If you want to make sure that the string is in writable memory, then you have to allocate memory using alloc() or you can use
char str[] = "hello";
#include <stdio.h>
int main() {
char *t = "hello world";
puts(t);
//printf("%s", t);
t = "goodbye world";
puts(t);
}
The memory for t isn't allocated, so why I don't get segfault when I run it?
t is a pointer, so you are just making t point to another string.
Because string literals are allocated statically in your program memory - you do not need to allocate memory for them explicitly.
Memory is allocated for t; enough memory is allocated for it to hold a pointer (typically, 4 bytes in a 32-bit program, 8 bytes in a 64-bit program).
Further, the initialization for t ensures that the pointer points somewhere:
char *t = "hello world";
String literals are also allocated space, somewhere. Often, that is in the read-only portion of memory, so you should really be using const char *t = "hello world"; and even if you don't use the explicit const, you should not try to modify the string that t points at. But it is the compiler's problem to ensure that t is pointing somewhere valid.
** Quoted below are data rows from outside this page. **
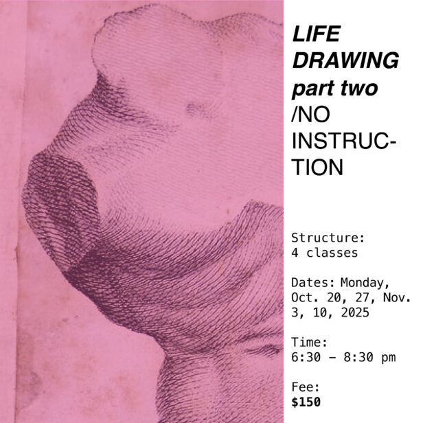 Drawing sessions will provide the opportunity to draw from a professional model. No formal instruction is offered. Classes are structured in a standard life drawing format of short gestural poses followed by poses of increasing length, from 5-20 minutes. Students are expected to provide the drawing materials of their choice.
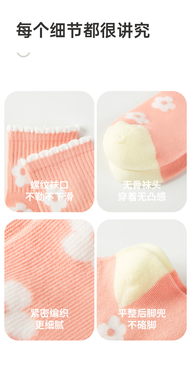 DEESHA 7A Antibacterial Five Pairs Girls' Socks All Seasons Boneless and Feet-Free Baby Cotton Socks Breathable and Anti-pilling
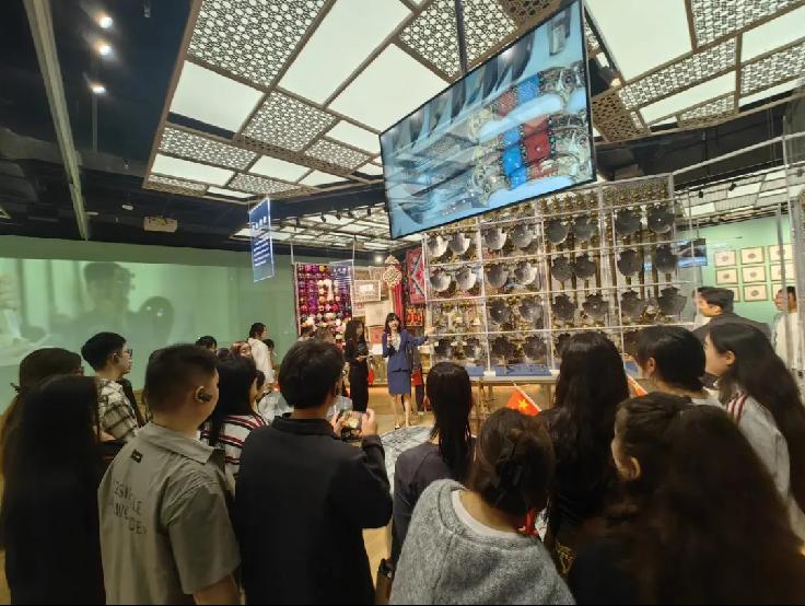 新疆维吾尔自治区非物质文化遗产馆成了同学们“沉浸式了解新疆”的课堂:维吾尔族刺绣的艳丽纹样,哈萨克族毡房营造的智慧,柯尔克孜族玛纳斯的史诗魅力……大家围着展柜,听得格外专注。
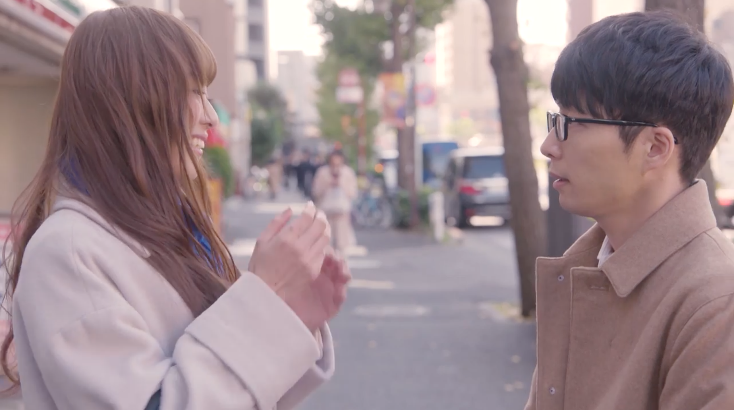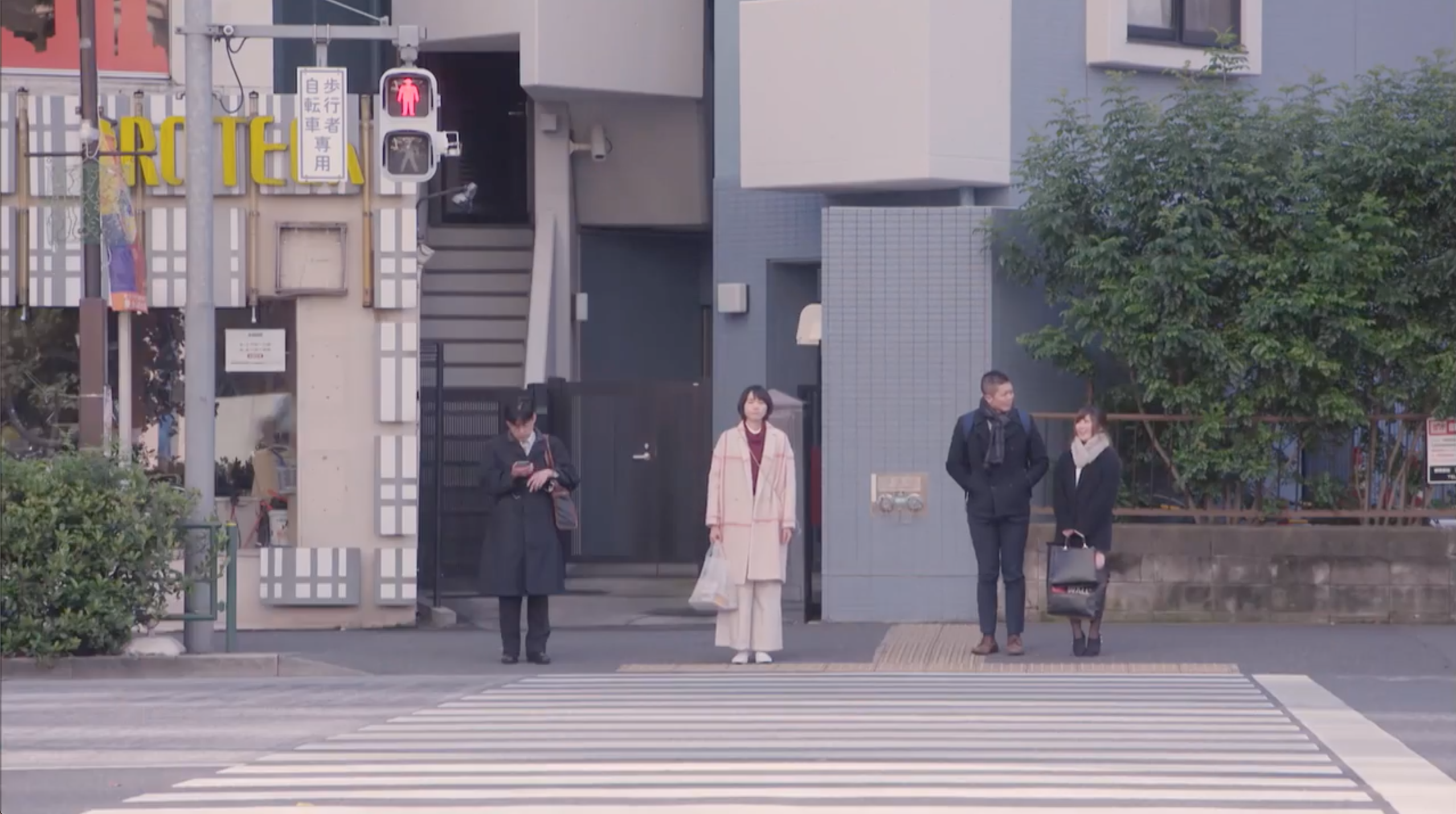 〔信号待ちしているみくりが、車道の向こう側に並んで歩く平匡と五十嵐を発見〕
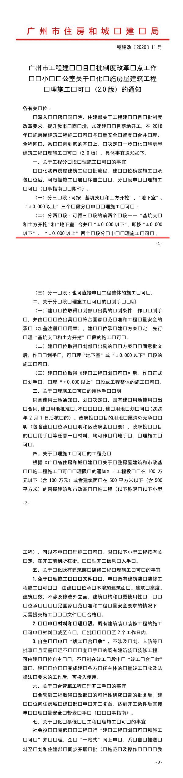 广州市住房和城口建□局穗建改[2020〕11号广州市工程建□□目□批制度改革□点工作□□小□□公室关于□化口施房屋建筑工程□理施工□可□(2.0版)的通知各有关□位:□深入□□落□国□院、住建部关于工程建□□目□批制度改革要求,提升我市□商□境,加速建□□目落地开工,在2018年□施房屋建筑工程施工□可□与□量安全□督登□合并□理、全程□、系□□向到底的基□上,□决定□一步□化□施房屋建筑工程□理施工□可□(2.0版)。具体事宜通知如下。一、关于工程分□段□理施工□可□的事宜□□化我市房屋建筑工程□批流程,建□□位确定施工□承包□位后,可根据施工□展□序自主,分□段申□□理施工□可□(□事指南□□附件)。()分三段:可按“基坑支□和土开挖”、“地下室”、“±0.000以上”三个□段分□申□□理施工□可口;(二)分两□段:可将三□段的前两个□段“基坑□和土开挖”和“地下室”合并“±0.000以下”,即按“±0.000以下”、“±0.000以上”两个段分□申理施工可;-1
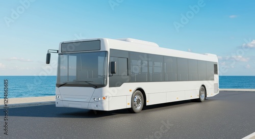 Coastal Bus Transportation: A White Coach by the Sea
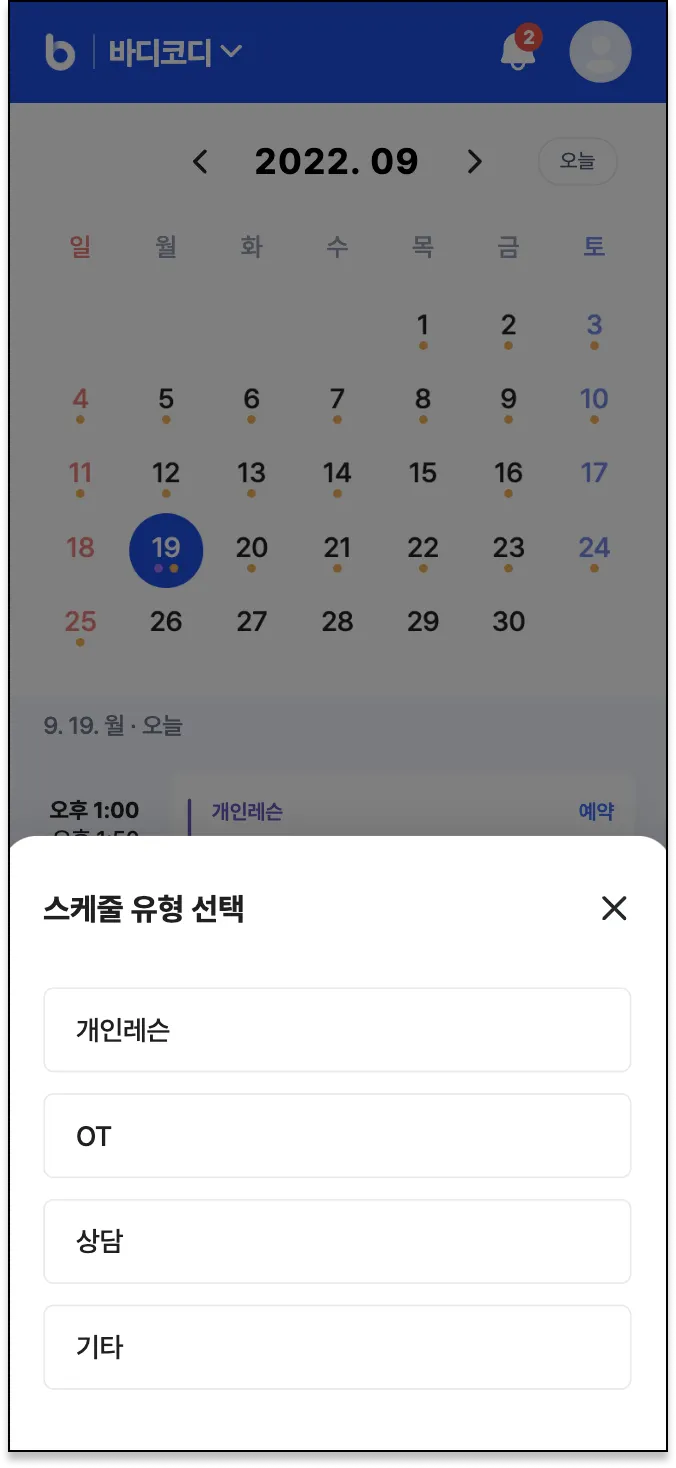 개인레슨 예약과 마찬가지로, 스케줄 유형 선택에서, ‘OT’ 또는 ‘상담’을 누르면 스케줄을 예약할 수 있습니다.

Similarly, after the assignment:
t = "goodbye, Cruel World!";
the variable is pointing at space allocated by the compiler. As long as you don't abuse it (and your code doesn't), this is fine.
What would get you into trouble is something like this:
char *t;
puts(t); // t is uninitialized; undefined behaviour
t = 0; // equivalently, t = NULL;
puts(t); // t contains the null pointer; undefined behaviour
The uninitialized local variable could contain any value; you cannot predict reliably what will happen. On some machines, it may contain a null pointer and cause a crash, but that is not something you can rely on.
A null pointer doesn't point at anything valid, so dereferencing a null pointer leads to undefined behaviour, and very often that undefined behaviour is a crash. (Classically, on DEC VAX machines, you got a zero byte at address zero instead of a crash. That led (in part) to one of Henry Spencer's Ten Commandments "All the world is not a VAX" — and also "Thou shalt not follow the NULL pointer, for chaos and madness await thee at its end.")
So, in your program, memory is allocated for t and t is initialized and assigned to point to (read-only) string constants, so there is no excuse for the program to crash.
t is here a pointer to the first character of an anonymous string, which can be in read-only memory. A good idea is to declare the pointer as pointer to const char :
const char *t = "hello world";
See also here.
All the memory the compiler needs to allocate for t is 4 bytes on a 32-bit system. Remember that it's just a pointer. In the first couple of lines it's pointing to "hello world", but after that you change it so it points to "goodbye world". C will have allocated enough memory for the strings you have defined and passes you the pointer so you can point to them. You don't need to worry about that. Also remember that these string are static and read-only, which means you can't safely say t[4] = 'b';.